PROMPT
Would you transcribe the listing that follows word for word, skipping pictures?

DATA SHOWN
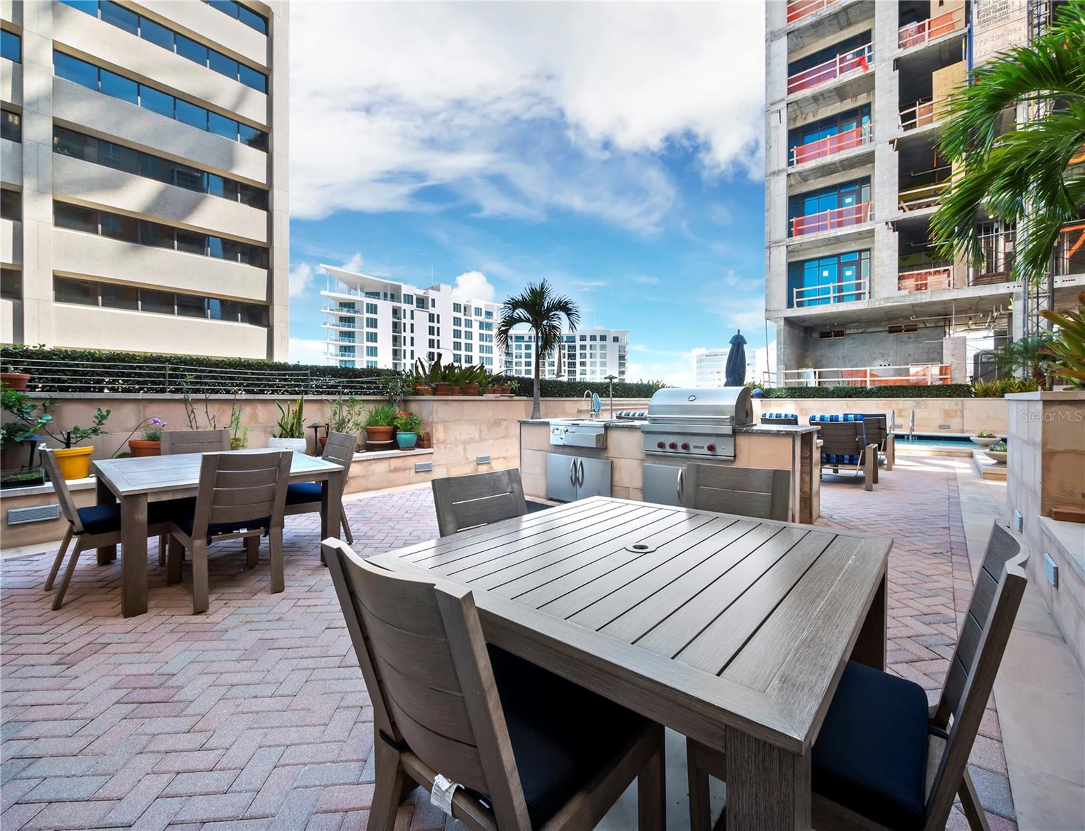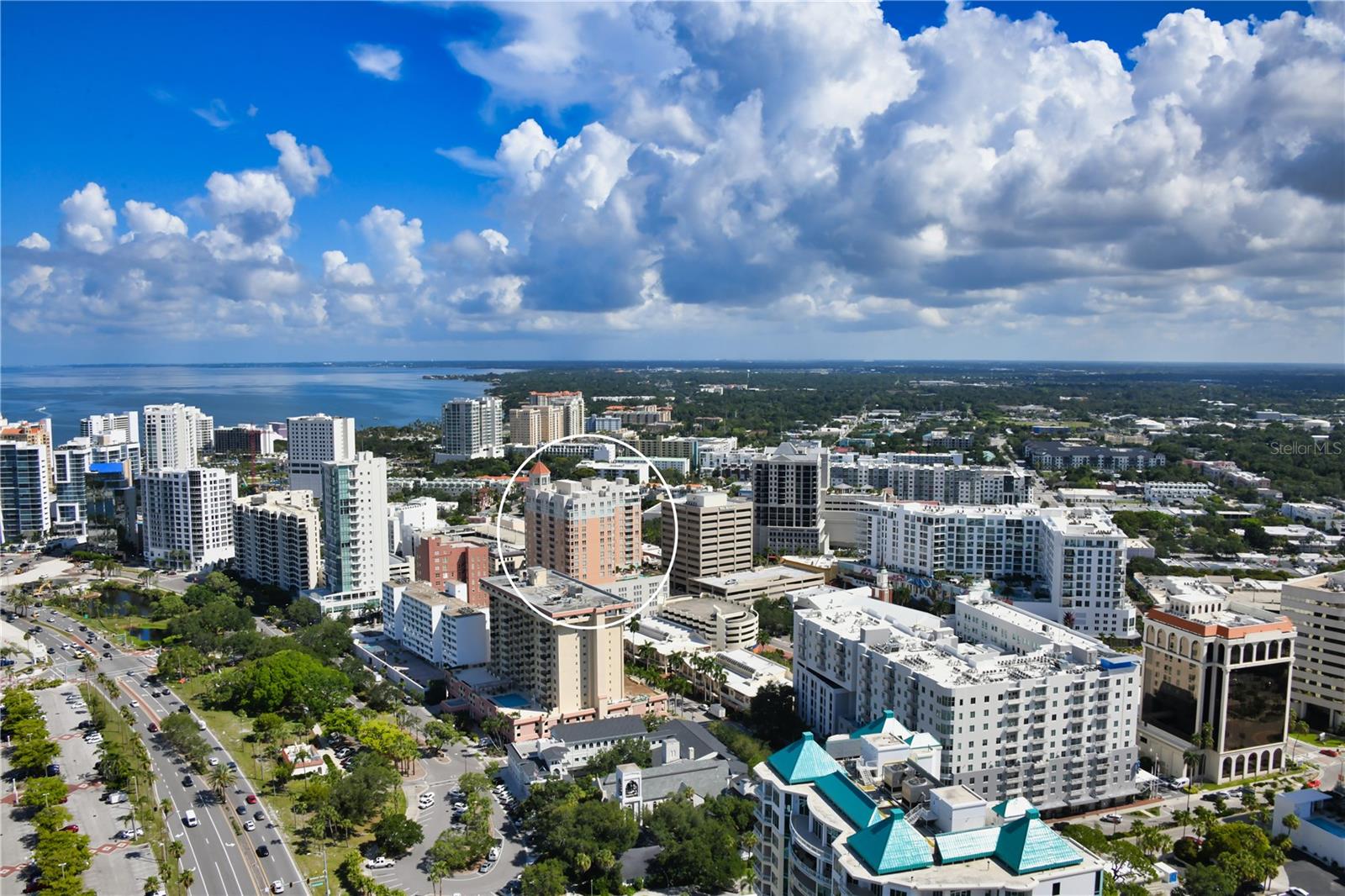Welcome to the epitome of downtown Sarasota living—where sophistication meets convenience in this bright and airy residence perfectly positioned in the heart of the city. With restaurants, coffee shops, galleries, and the marina just steps away, this home offers an ideal walkable lifestyle. Located on the sought-after bayfront-facing side of the building, the residence overlooks the vibrant boutiques and cafés of Palm Avenue while inviting in abundant natural light through expansive windows and sliding glass doors. Step onto your private balcony each morning to enjoy coffee as the city awakens or unwind in the evening while taking in the lively downtown atmosphere. Inside, soaring ceilings and an open floor plan create a spacious, airy feel. The living area features elegant tile floors and a warm, modern palette, flowing seamlessly into the European-style kitchen. Designed for both form and function, the kitchen offers sleek cabinetry, generous counter space, stainless steel appliances, and a serving bar that connects to the living space for easy entertaining. The oversized bedroom is a tranquil retreat with a large walk-in closet and spa-like en suite bath featuring a soaking tub, frameless glass shower, and dual vanities. A well-appointed powder room, ample storage throughout, and the building-wide water softener filtration system add to everyday comfort. This pet-friendly residence includes one dedicated parking space and a climate-controlled storage unit. Owners enjoy exclusive access to an impressive suite of amenities: 24-hour concierge service and fitness center with steam rooms, plus 72-foot heated lap pool, spa, media and social rooms, library, and a guest suite for visiting friends and family (available on a first-come basis). Just outside your door, Sarasota’s cultural and culinary scene awaits. Stroll to the farmers market, attend performances at the Sarasota Opera House or Van Wezel Performing Arts Hall, or spend the day exploring nearby Lido Key Beach and St. Armands Circle. Whether for a seasonal getaway or year-round home, this property offers a rare combination of modern luxury, vibrant city living, and resort-style convenience.
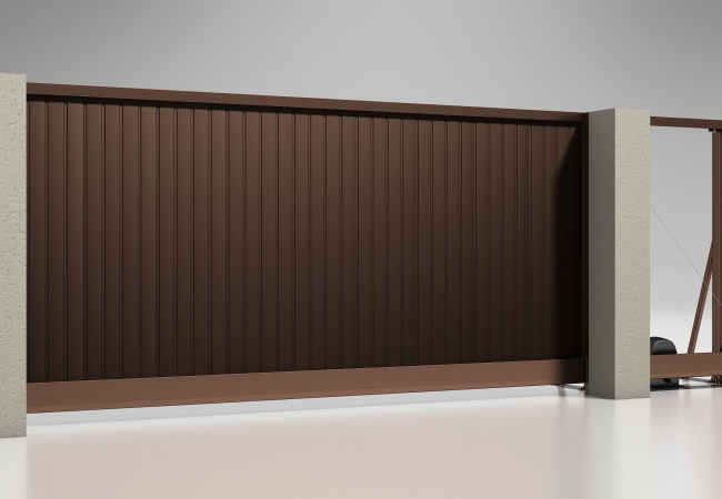 Откатные ворота сконструированы из железного каркаса, в результате на который обкладывается разного рода материал обшивки, к примеру, кованный, металлический, и деревянный. Все же часто обшивкой ворот с откатным вариантом работы служит профнастил, так как его использование очень эффективно и практично, ведь листы профнастила весьма выносливы при сравнительно невесомом весе, а еще он располагает огромнейшим выбором цветовой палитры, что дает возможность применять профнастил в широком спектре мыслей дизайнера.
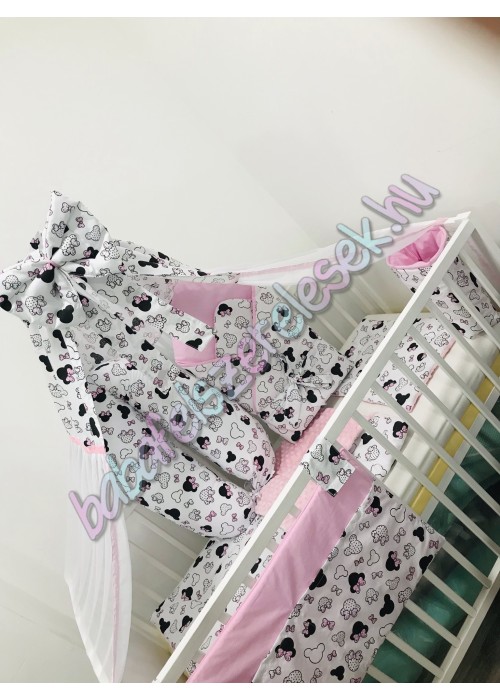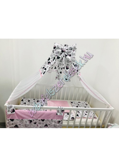 - rózsaszín minnie fejes mintájú 100% pamutvászon- muszlin (függönyös) baldachin függöny: A dekoráció és a por felfogásán kívül előnyös a átláthatóságában. A muszlinnál a babára ráláthat a babaágy oldalról bekukucskáló szülő.

OUTPUT FOR THIS TASK
Welcome to the epitome of downtown Sarasota living—where sophistication meets convenience in this bright and airy residence perfectly positioned in the heart of the city. With restaurants, coffee shops, galleries, and the marina just steps away, this home offers an ideal walkable lifestyle. Located on the sought-after bayfront-facing side of the building, the residence overlooks the vibrant boutiques and cafés of Palm Avenue while inviting in abundant natural light through expansive windows and sliding glass doors. Step onto your private balcony each morning to enjoy coffee as the city awakens or unwind in the evening while taking in the lively downtown atmosphere. Inside, soaring ceilings and an open floor plan create a spacious, airy feel. The living area features elegant tile floors and a warm, modern palette, flowing seamlessly into the European-style kitchen. Designed for both form and function, the kitchen offers sleek cabinetry, generous counter space, stainless steel appliances, and a serving bar that connects to the living space for easy entertaining. The oversized bedroom is a tranquil retreat with a large walk-in closet and spa-like en suite bath featuring a soaking tub, frameless glass shower, and dual vanities. A well-appointed powder room, ample storage throughout, and the building-wide water softener filtration system add to everyday comfort. This pet-friendly residence includes one dedicated parking space and a climate-controlled storage unit. Owners enjoy exclusive access to an impressive suite of amenities: 24-hour concierge service and fitness center with steam rooms, plus 72-foot heated lap pool, spa, media and social rooms, library, and a guest suite for visiting friends and family (available on a first-come basis). Just outside your door, Sarasota’s cultural and culinary scene awaits. Stroll to the farmers market, attend performances at the Sarasota Opera House or Van Wezel Performing Arts Hall, or spend the day exploring nearby Lido Key Beach and St. Armands Circle. Whether for a seasonal getaway or year-round home, this property offers a rare combination of modern luxury, vibrant city living, and resort-style convenience.
 Откатные ворота сконструированы из железного каркаса, в результате на который обкладывается разного рода материал обшивки, к примеру, кованный, металлический, и деревянный. Все же часто обшивкой ворот с откатным вариантом работы служит профнастил, так как его использование очень эффективно и практично, ведь листы профнастила весьма выносливы при сравнительно невесомом весе, а еще он располагает огромнейшим выбором цветовой палитры, что дает возможность применять профнастил в широком спектре мыслей дизайнера.
 - rózsaszín minnie fejes mintájú 100% pamutvászon- muszlin (függönyös) baldachin függöny: A dekoráció és a por felfogásán kívül előnyös a átláthatóságában. A muszlinnál a babára ráláthat a babaágy oldalról bekukucskáló szülő.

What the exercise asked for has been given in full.